Jimmy lives with his extended family in the country village of Point Henry. It's 1969. Neil Armstrong has just landed on the moon and Vietnam War is raging on television sets across the world. But Jimmy is concerned with matters closer to home... the 'city people' are coming, bringing their pole houses and cul-de-sacs with them.
The Tin Moon is much more than a rollercoaster ride of wickedness, love, parental stupidity and everything it means to be a boy. It's a search for meaning, and the sacred spaces of childhood amidst the shrinking fibro frontier.
Initially found this an easy book to get into Some very funny stories through the eyes of a young boy.

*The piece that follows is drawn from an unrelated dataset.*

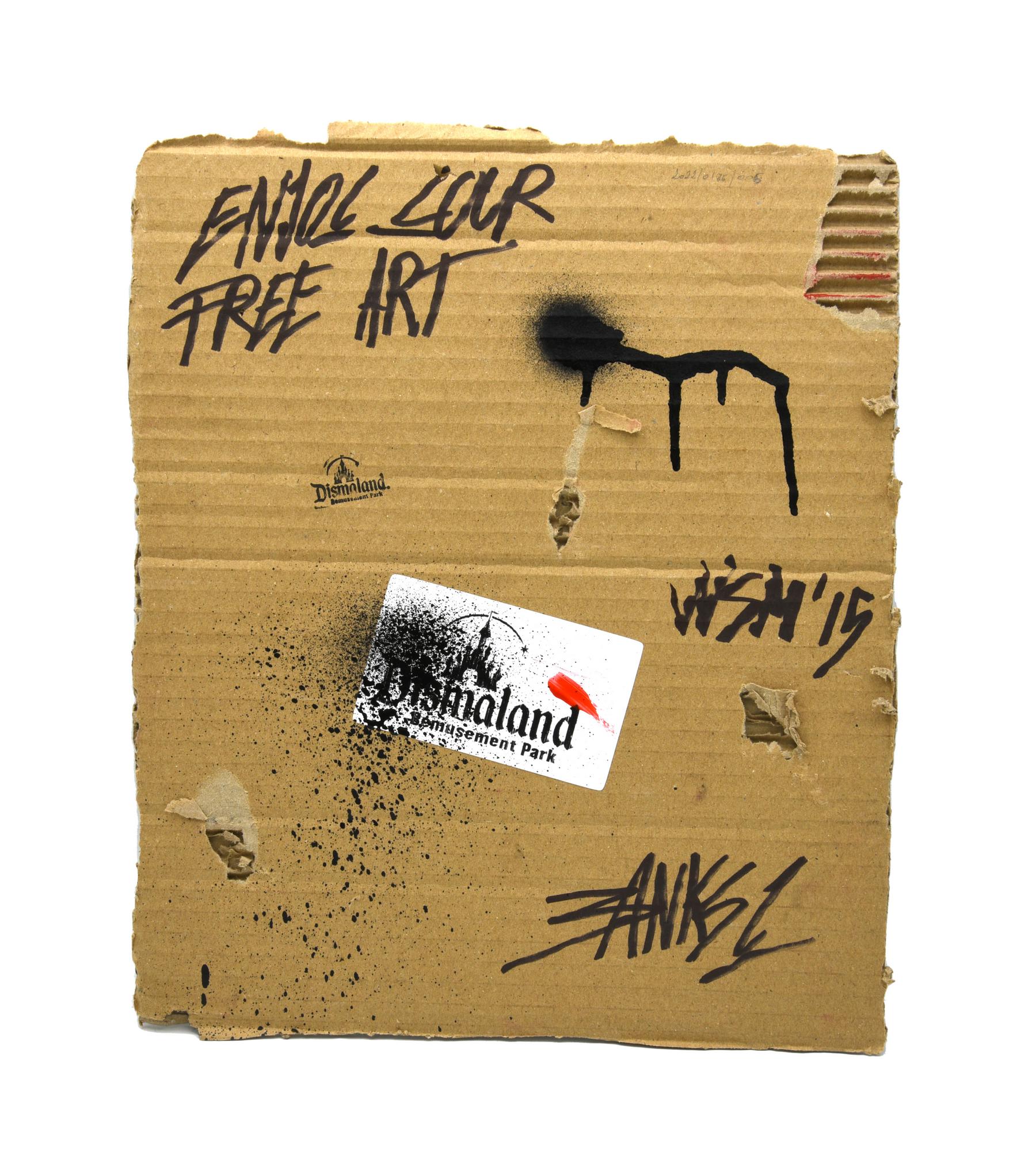 sul retro: timbro ed etichetta Dismaland ed iscritto "enjoy your free art"

However I so disliked the father and became increasingly sickened with the many instances of abuse in the name of discipline of a child who was treated more like a piece of property. Without structure or a plot I started to skim through tale after tale of boyhood adventures that really had some horrific unintended outcomes. No lessons learned! Though many familiar items, phrases and words typical of the time raised some fond memories of my youth. Near the end felt the book was becoming a relentless babble and collection of random tales of silly misbehaving boys!
About growing up in a town near Gosford from 1969-1970, this Australian novel of childhood has the language, cultural artefacts and primary schoolboys’ troublemaking down to a “t”. The family is an extended one and the only child of a father who works in the local quarry leads a mischief making but harsh working class existence with casual cruelty and tragedy contributing pathos. The style is unusual; more a stream of consciousness with abrupt breaks in the narrative, but it’s a great nostalgic read
I read this years ago, and enjoyed revisiting The Tin Moon. A stream of consciousness coming of age story, many of the hijinx Jimmy and his friends got up to evoked such a feeling of nostalgia, even though it's set in my mother's era, not my own. It's a heartfelt book - with many sections having me laughing out loud, but others making me flinch, and still others cry. Which is what growing up is all about, isn't it?
Initially I loved this book. It took me back to living in Australia in the late 60's (well in my case it was the 70's but it seemed fairly similar). There is a particular vocabulary distinct to Australia in that time. This is a well written and very funny book for adults - every passage in itself is great. The only problem I had, and one that affected my reading experience, was the lack of any real story to hang all these funny events off. I suppose you can say it's a character driven book instead of a plot driven book - but, for me, it made it hard to sustain my interest and it took a long time for me to finish as I could only read it in small doses. It was recommended to me by a friend as their favourite book - so each to their own.
I was given this book when I was ten or eleven some time in 2002 but only got through about ten pages. Then I found a copy in an op shop about a year ago and decided to give it another go. I think it is a far more interesting than it would first seem. You could describe the book as lacking some sort of structure but that is the point. Our memories aren't straightforward and the older we get the more delineated our childhood recollections become.